• _PROBLEM TO WORK ON_: Given these entries, repeat exactly the lines starting with the one that has "Se historicamente as" and going on through the one that has "High resolution picture, free", both included, but none of the pictures.

• _TASK INPUTS_:
--- START ---
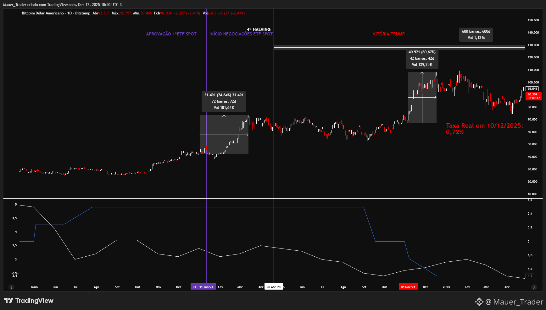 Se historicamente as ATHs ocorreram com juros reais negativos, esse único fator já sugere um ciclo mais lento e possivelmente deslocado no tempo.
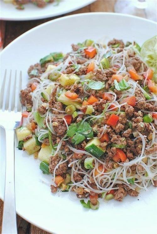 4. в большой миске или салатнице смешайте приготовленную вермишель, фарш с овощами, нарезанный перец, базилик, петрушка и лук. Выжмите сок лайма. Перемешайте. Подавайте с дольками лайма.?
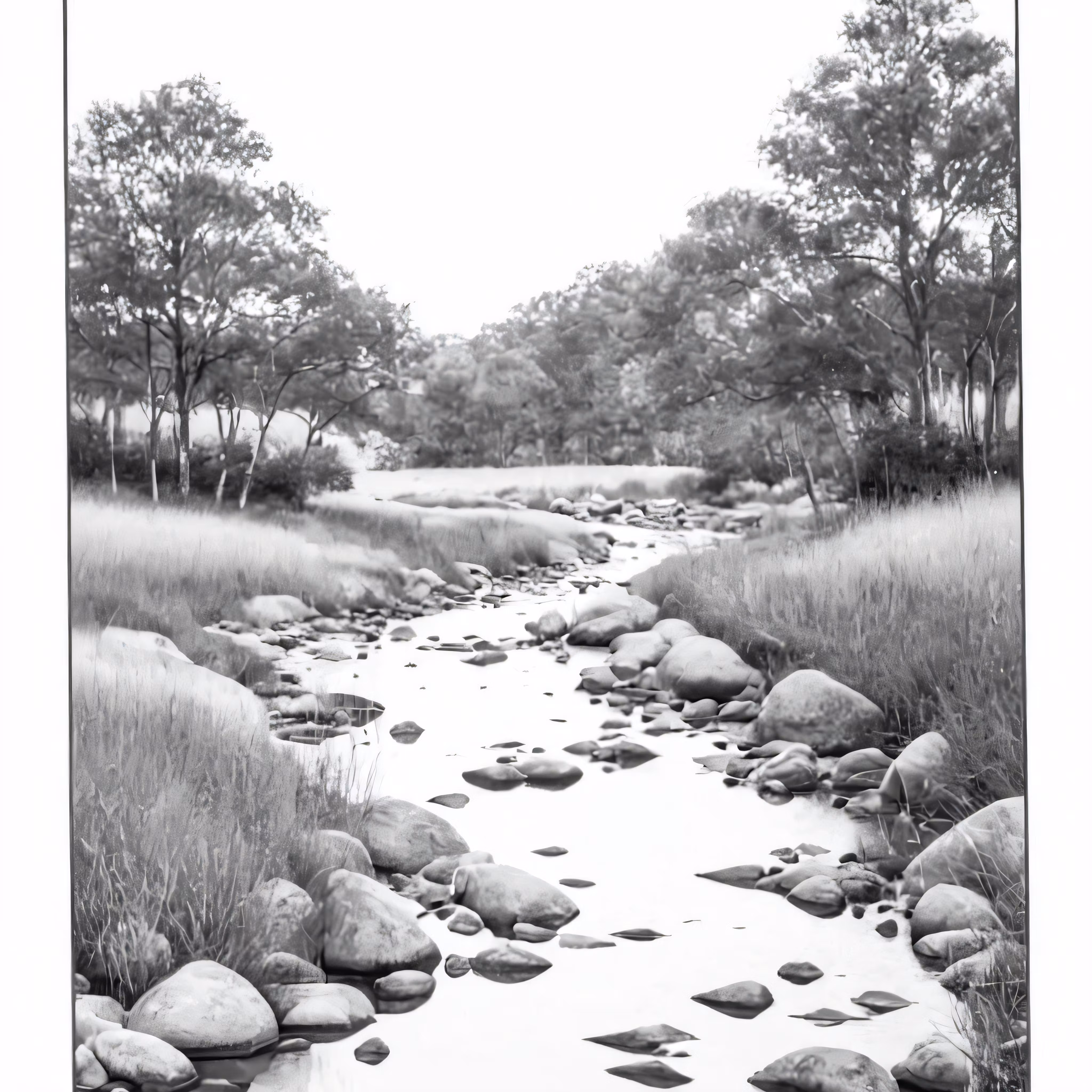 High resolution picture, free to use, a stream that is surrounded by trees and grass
--- END ---
--- START ---
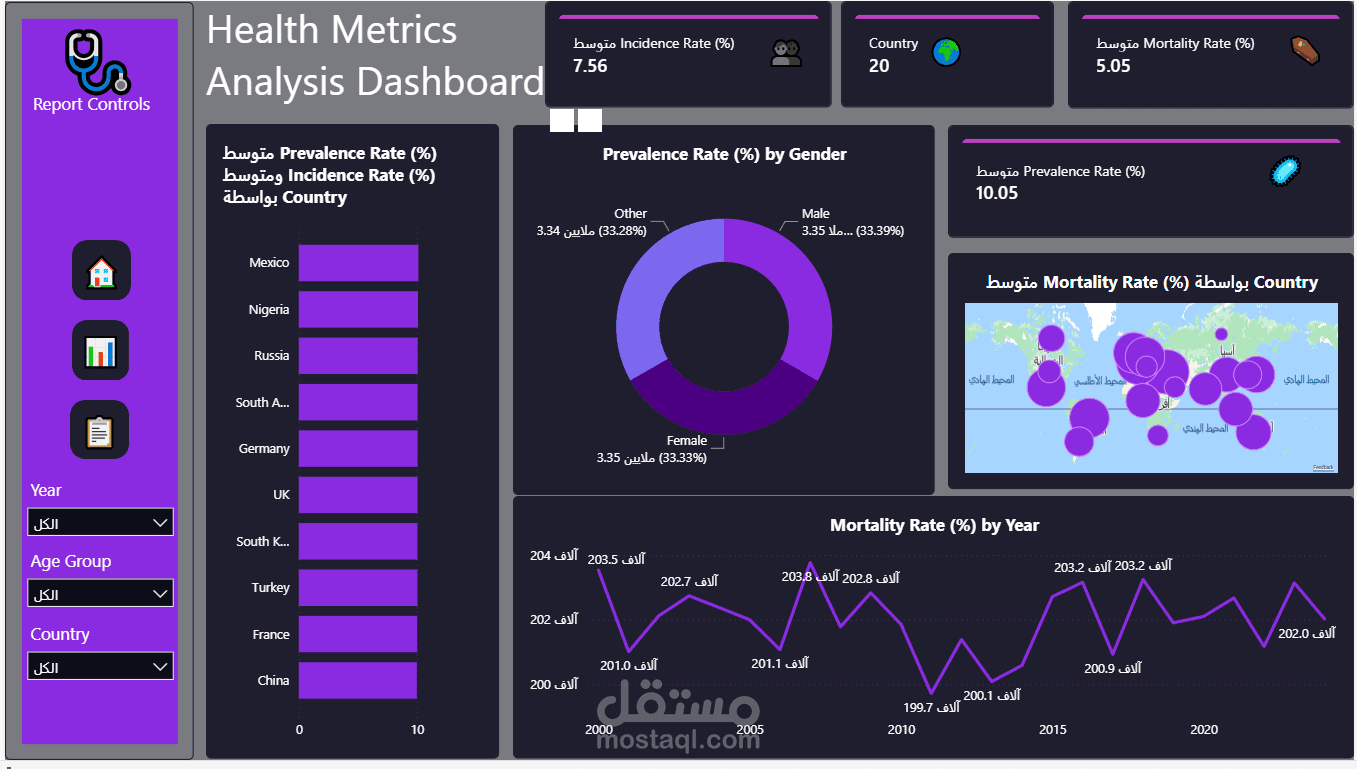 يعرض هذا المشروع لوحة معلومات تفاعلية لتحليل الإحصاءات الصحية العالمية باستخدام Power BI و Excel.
--- END ---
• _WRITTEN ANSWER_:
 Se historicamente as ATHs ocorreram com juros reais negativos, esse único fator já sugere um ciclo mais lento e possivelmente deslocado no tempo.
 4. в большой миске или салатнице смешайте приготовленную вермишель, фарш с овощами, нарезанный перец, базилик, петрушка и лук. Выжмите сок лайма. Перемешайте. Подавайте с дольками лайма.?
 High resolution picture, free to use, a stream that is surrounded by trees and grass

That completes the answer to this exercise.